The importance of the considerations specified by the WHO in terms of clinical relevance may vary for monkeypox diagnosis with different specimen types. The quantity of virus in clinical specimens will impact on how easily a test protocol can detect viral genomes, with high amounts simplifying detection but concomitantly increasing the risk of false-positive results because of cross contamination. Reports on quantities of monkeypox virus in specimens are limited. In a study of seven patients by Alders et al. 2022 the PCR Cq rarely dropped below cycle 20 [19]. As Cq can vary 1,000-fold [15], it is difficult to know whether this cycle 20 represents a large concentration of virus (≥ 109 genome copies/mL) easily detected even with lower-sensitivity test formats, a lower titre (≤ 106 genome copies/mL) making increased analytical sensitivity more important, or somewhere in between. Future studies exploring the quantities of monkeypox virus DNA must provide an estimation of how a given Cq value corresponds to viral genome copies if this work is to be used to aid the diagnostic discussion. Moreover, the correlation between virus quantity in various specimens and infectiousness needs to be established if PCR is to be used for risk assessment and not only virus detection. The Cq value alone provides limited information on which to make such assessments.

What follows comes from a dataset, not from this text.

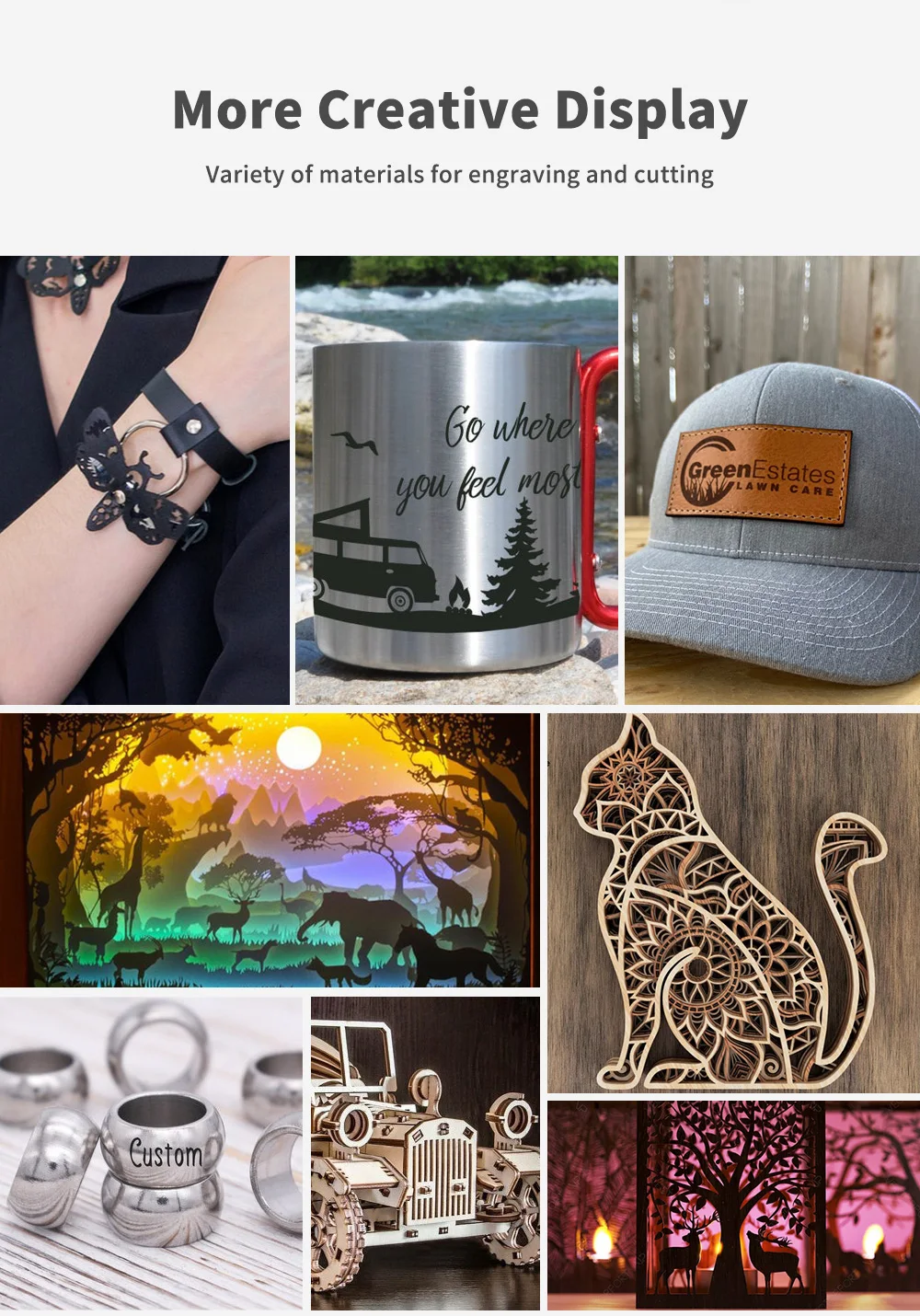 Wide Compatibility:Support mobile APP control, wifi connection, USB connection, offline USE,The machine is compatible with various mature engraving software, such as LaserGRBL, LightBurn, Benbox, GrblController, LiteFire, supports PWM mode engraving, supports Windows Mac system, and engraving file format Support JPG, PNG, DXF, SVG, G-code, NC, BMP, etc.

Wider guidance on how to approach and deploy diagnostic PCRs has also been provided in a number of documentary standards and technical specifications from the International Standards Organisation (ISO) technical committees 212 (Clinical laboratory testing and in vitro diagnostic test systems) and 276 (Biotechnology) which directly address molecular measurement. Examples include technical specifications on SARS-CoV-2 [20] and more broader diagnosis of microbial pathogens [12]. The COVID-19 pandemic has also driven the measurement science and diagnostic community to work together to explore how test accuracy can be best ensured when responding to a pathogen of epidemic potential [21]. Many of the recommendations in response to COVID-19 are directly applicable to monkeypox.

Conclusion

A notable legacy of the COVID-19 pandemic is the application of diagnostic PCR at an unprecedented global scale and an enhancement of molecular diagnostic capacity. The infrastructure, expertise and important experience gained during the COVID-19 response are likely to result in rapid development and adoption of molecular assays for other emerging or re-emerging threats. Should the monkeypox epidemic require testing to be deployed even more widely and sustainably, a focused effort to standardise the laboratory response and implement the lessons learned from COVID-19 should be prioritised. Such a proactive response will not hinder any diagnostic response; the opposite is more likely. COVID-19 has taught us that it is not acceptable to assume detection is simple because the viral load (and thus genome copies) can be high. A cautious approach to deploying PCR tests for monkeypox is likely to improve their impact and ensure the trust of the scientific community in this approach is sustained. This will empower those tasked with responding to the epidemic with the most accurate information to guide decisions across the whole spectrum from patient management to public health policy.